PlastiCo manufactures and distributes quality plastic products for the packaging industry. The company has an established overseas network, which had repeatedly failed to deliver an increase in sales for several years. Michael was asked to travel and to meet with the team on their home territory in order to understand the precise factors that were holding up the creation of new export orders. The final report, which was delivered to the CEO and then approved by the board, led to a series of operational changes both locally and abroad. New back office personnel were employed. The quality of products available was raised. Supply lines were shortened.

The K.S. Group is a team of marketing managers with considerable experience in running sophisticated operations in different environments. Coming together for the first time, they were looking to export Israeli products abroad, creating independent sales networks. Despite a clear vision, the team was hindered by a cash flow that did not match the demands of the work flow. Michael was required to help the project directors realise where and when and why to concentrate the efforts. As the months progressed, K.S. was able to prepare itself for launch overseas.

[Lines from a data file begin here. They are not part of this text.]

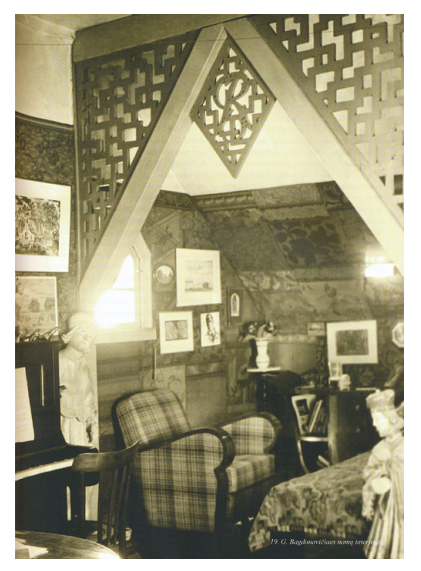
Fig. 10. G. Bagdonavičius home interior.

This chapter aims to reveal different forms of the conception of the national, which existed during the interwar period in Lithuania. They were determined by the tradition, religion and
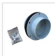
OVERFLOW OUTLET KIT 90MM
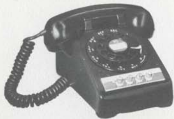
Four Push Button K-544
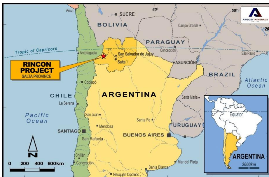
Argosy Minerals Limited – Rincon Lithium Project Location Map
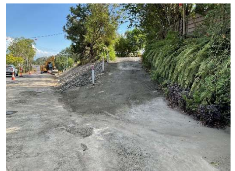
Wyrallah Road / Emily Street during works
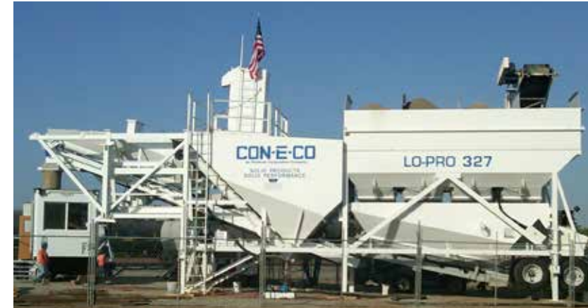
CON-E-CO Lo-Pro 327 Mobile Portable Concrete Batch Plant. Starting at $365,000.00
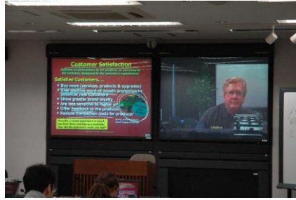
(Fig.5) Marketing Principles
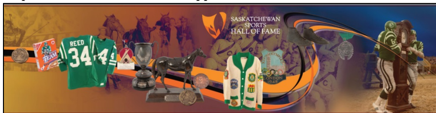
Photo: A sneak peak of the outside of our traveling exhibit. Courtesy of Creative Display.

The SSHF would like to extend a sincere thank you to all of our wonderful sponsors, as the planning and execution of this exciting endeavor would not be possible without all of their support.
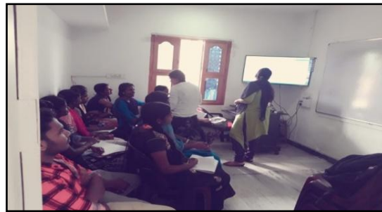
IPT at UNIQ Technology – II Yr. CSE
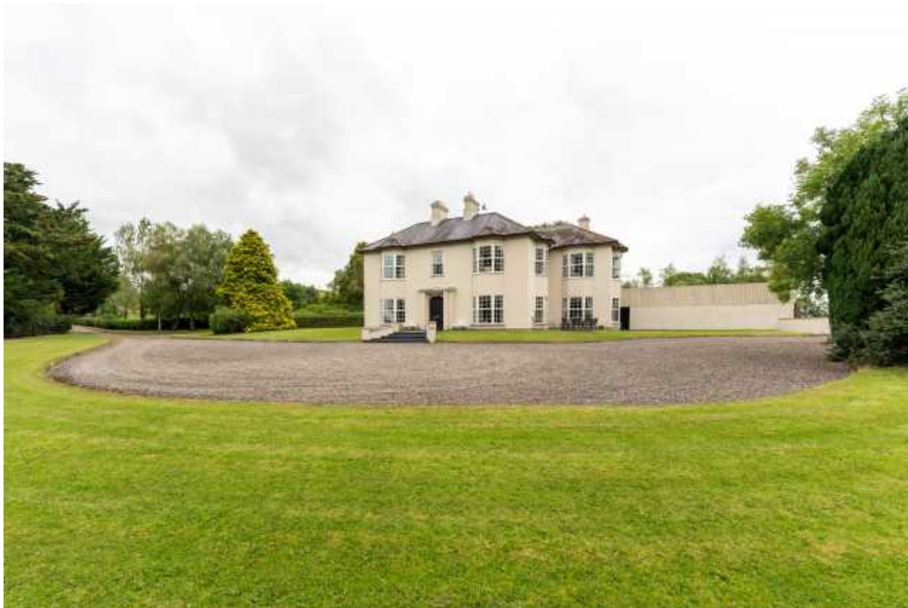
SUBSTANTIAL TWO STOREY RESIDENCE ON CIRCA 5 ACRES ‘OPTION OF ADDITIONAL LAND IF REQUIRED’

Jason was a new immigrant to Israel. Although unfamiliar with local business culture, he wanted to “copy” his distribution business from North America. However, sales remained weak, despite the considerable long hours invested. Michael encouraged the owner to consider a new approach to his use of time and to review where his marketing was most effective. By the end of the coaching contract, the CEO was employing a team of three sales staff and a personal assistant. In parallel, he released a new website and had partnered up with an investor for his business.

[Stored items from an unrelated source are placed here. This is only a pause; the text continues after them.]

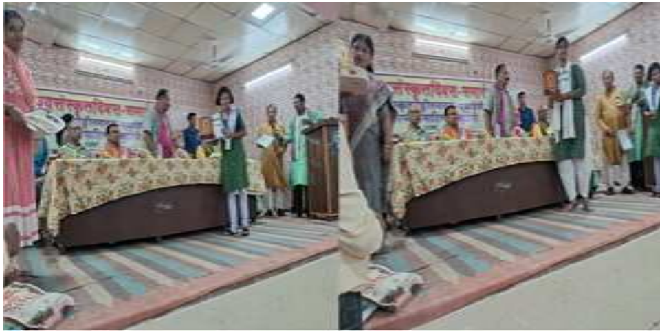
24/08/2024-PARTICIPATION OF STUDENTS IN DEBATE COMPETITION CONDUCTED BY THE MEMBERS OF SAMSKRUTA SAHITYA ACADEMY
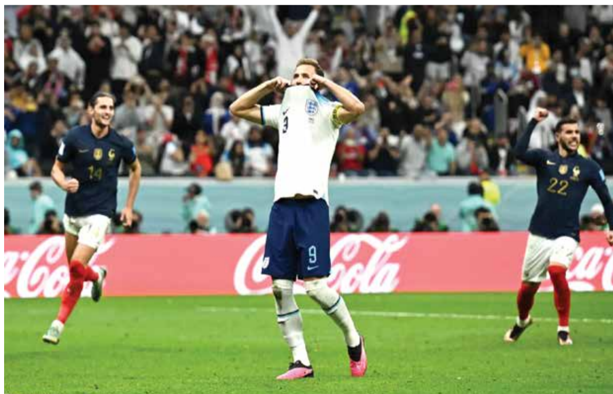
England captain Harry Kane is frustrated after missing a late penalty during a 2-1 quarter-final defeat against France in the World Cup 2022 in Qatar.

"Social media companies' responses to abuse and threat published on
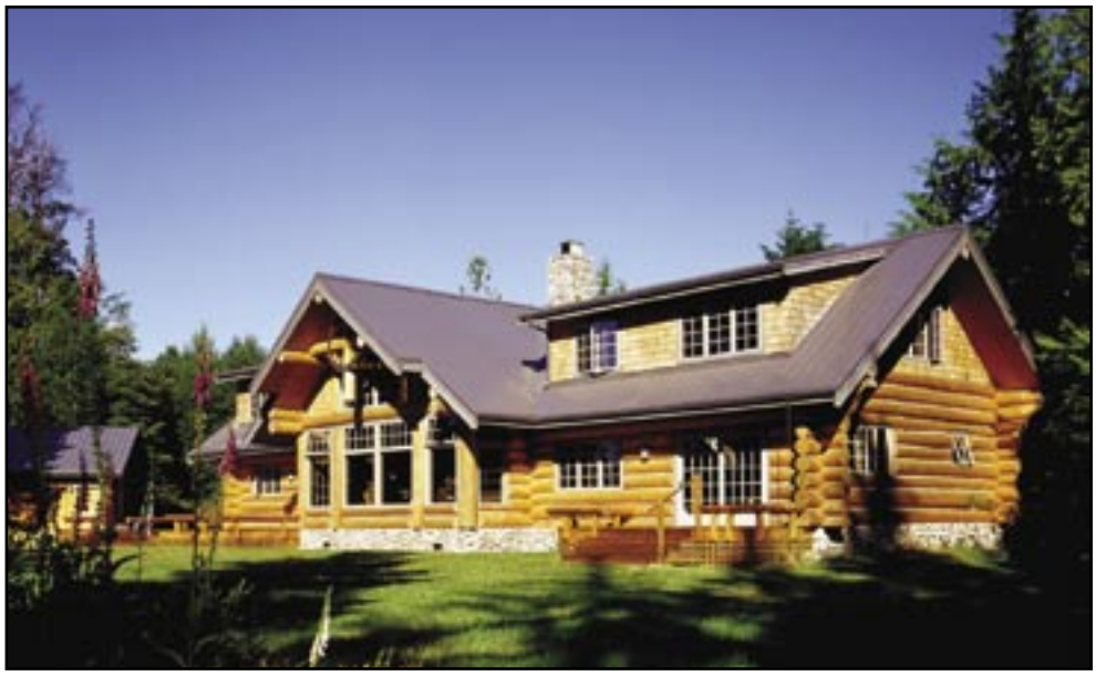
Whitevalley Log Homes/Jean Steinbrecher Architects

A simple wrap-around covered porch provides good wall protection.
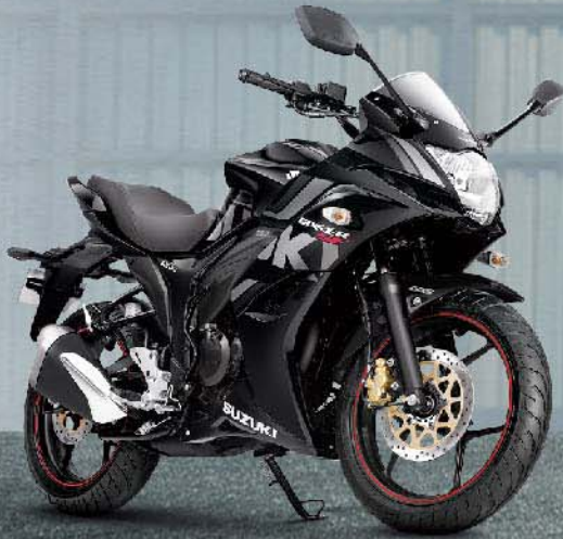
Glass Sparkle Black (YVB)
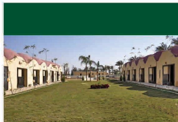
▲ El Nadim Stud
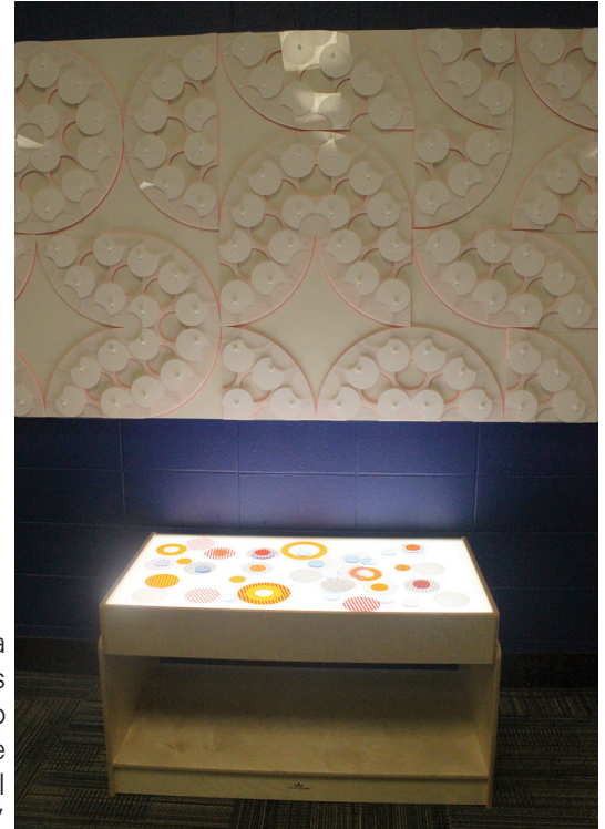
Diana Baumbach's mural "Do You See What I See?"
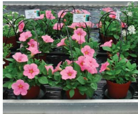
MiniFamous™ Perfect White (left) and Fame™ Salmon Pink (right) in our soil trial. The grower mix is to the right (small plants).

the root systems revealed it all. The plants in the grower mix had a weak root system. The trial showed clearly how important a good soil mix is.
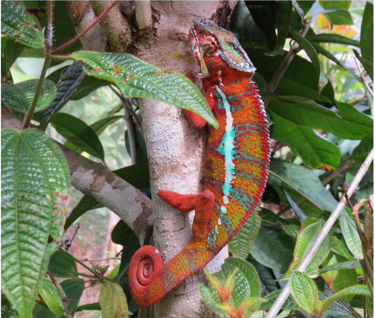
Colour variants of Furcifer pardalis .
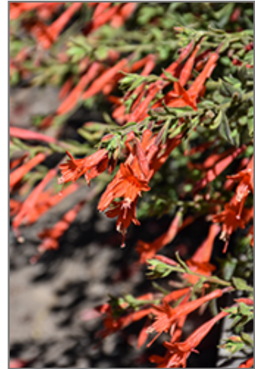
Orange Carpet Creeping Hummingbird Trumpet flowers

Orange Carpet Creeping Hummingbird Trumpet is a fine choice for the garden, but it is also a good selection for planting in outdoor pots and containers. Because of its trailing habit of growth, it is ideally suited for use as a 'spiller' in the 'spiller-thriller-filler' container combination; plant it near the edges where it can spill gracefully over the pot. Note that when growing plants in outdoor containers and baskets, they may require more frequent waterings than they would in the yard or garden. Be aware that in our climate, most plants cannot be expected to survive the winter if left in containers outdoors, and this plant is no exception. Contact our experts for more information on how to protect it over the winter months.
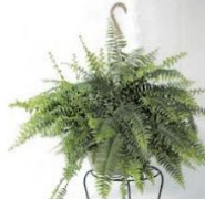
Boston Fern $25.00
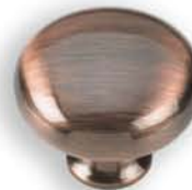
99-197 Fine Brushed Antique Copper

Burgers Rule is a restaurant, operated in partnership. The client, one of the owners, was looking for a career change. He wanted to utilise his skills and experience in finance and strategy, which his employment did not offer. Michael’s first task was to establish what the client truly wanted to do and why. He then encouraged the client to realise that his current position was close to what he wanted to be doing. In fact, he needed to realise that it was his partners who wanted to leave more than himself. Within two months, the client was able to offer his colleagues a buyout solution that would leave him in charge.

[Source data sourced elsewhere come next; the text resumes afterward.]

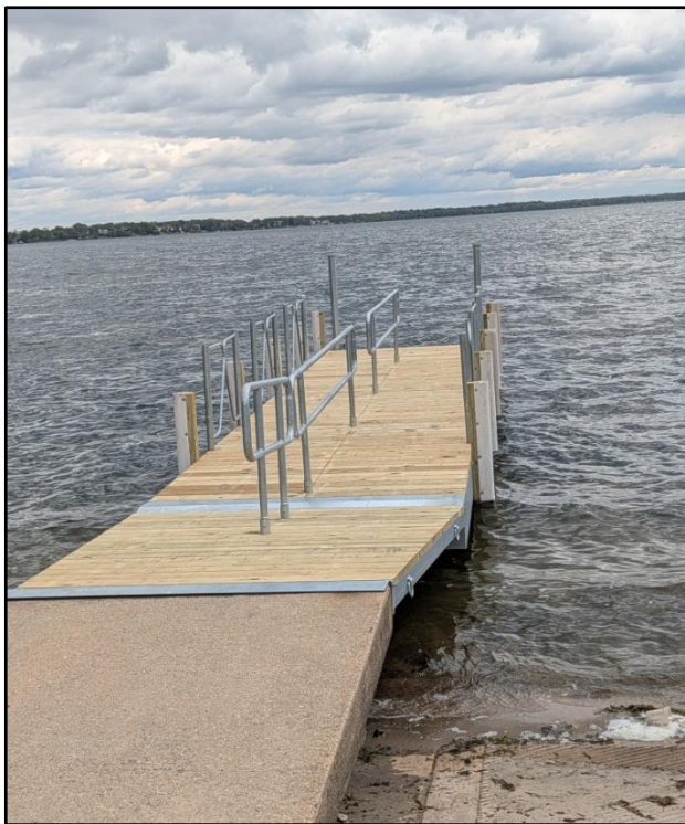
New dock installed at the Olin Park boat launch
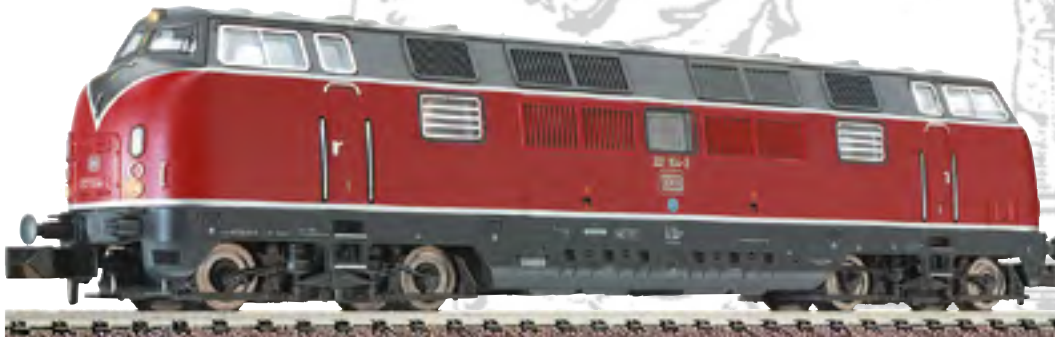
725000 Diesel locomotive BR 221 of the DB, Epoch IV with digital interface
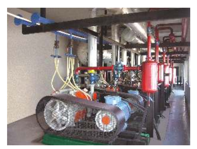
Refrigeration package for refinery process for Euro IV Fuel

Battery of KC KCX series compressors at EOU unit for food processing and preservation
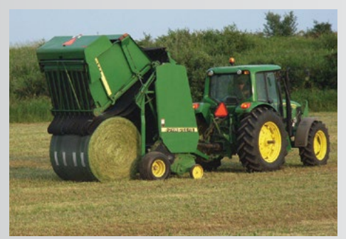
With a simple B-Wrap kit, most newer John Deere balers can apply B-Wrap.
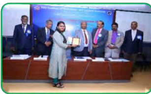
ISTE Best Student Award 2019 19th ISTE TN Section Annual convention.
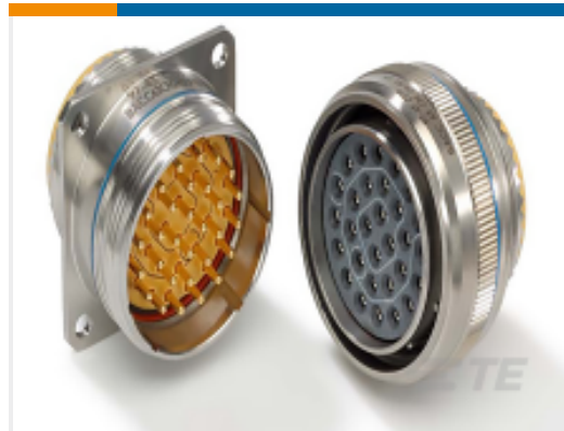
TE Model / Part #ZPF000000000008179 983-6K 28-42 P7 L
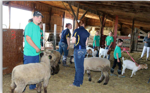
Area youth house livestock in the C.M. Cook Youth Development 4-H and FFA Club Barn as they learn about feeding, caring for, and showing their animal. Photo by Jenny Schlect/Agweek, July 2, 2019
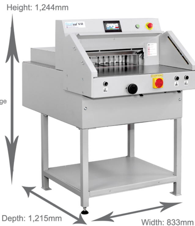
Below: G52 without the Optional Side Tables
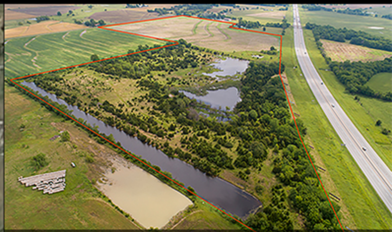
LOOKING NE ACROSS PARCELS 1-5
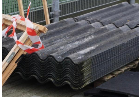
used corrugated roof sheets
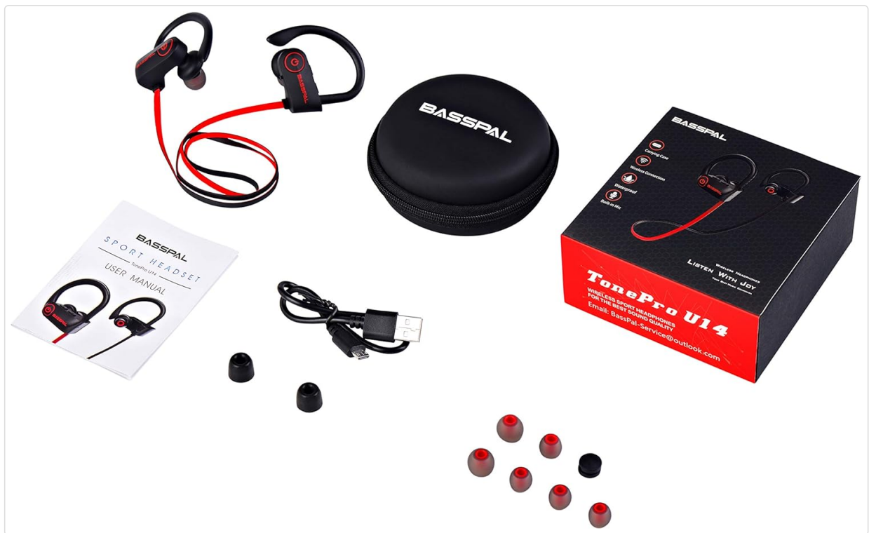
Image: Contents of the BassPal TonePro U14 package, including earphones, charging cable, ear tips, carrying case, and user manual.
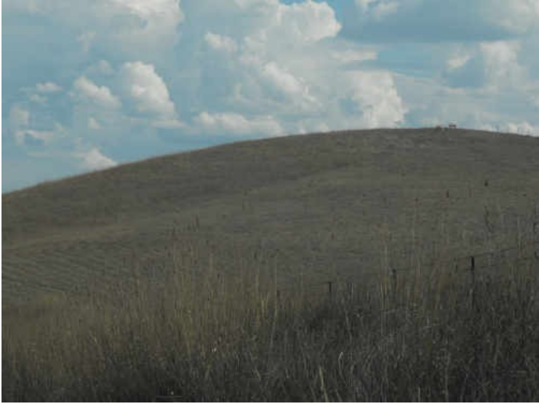
A paddock covered in exotic grasses and forbs

Medico Ltd is a large health centre in Israel, which raises significant funds through donations. One particular and large annual source began to dry up, as the centre struggled to coax its various departments to handle the vagaries and changing procedures of the overseas donors.  Michael encouraged the centre to introduce monthly coordination meetings, involving all associated parties.  In turn, this resulted in a single person being designated as spokesperson to the donors. The effect has been that contributions are now flowing, raising revenue by hundreds of thousands of dollars.

Buy Me operates a series of stores in different sectors. A family business, the company has been leaking cash for the past two years. Although two new shops had opened up during this period, the reason for the problem was not apparent as overall sales were strong. Michael introduced a new purchasing system which led to improvements of approximately $25,000 within two months. He also promoted a search for more appropriate premises.

Nefesh Ltd is an established manufacturing business in Israel’s food industry. Their initial issue involved human resources: blurred command structures and poor production results. After a series of challenging one-on-one meetings between Michael and relevant staff members, the production manager was offered a new position, but opted to leave. Although he was not replaced, output increased by 10%. They then asked Michael to meet with their bank manager, who was demanding extra securities. After two meetings, the bank dropped their request and instead offered extra credit facilities, on beneficial terms, to facilitate the company’s expansion programme.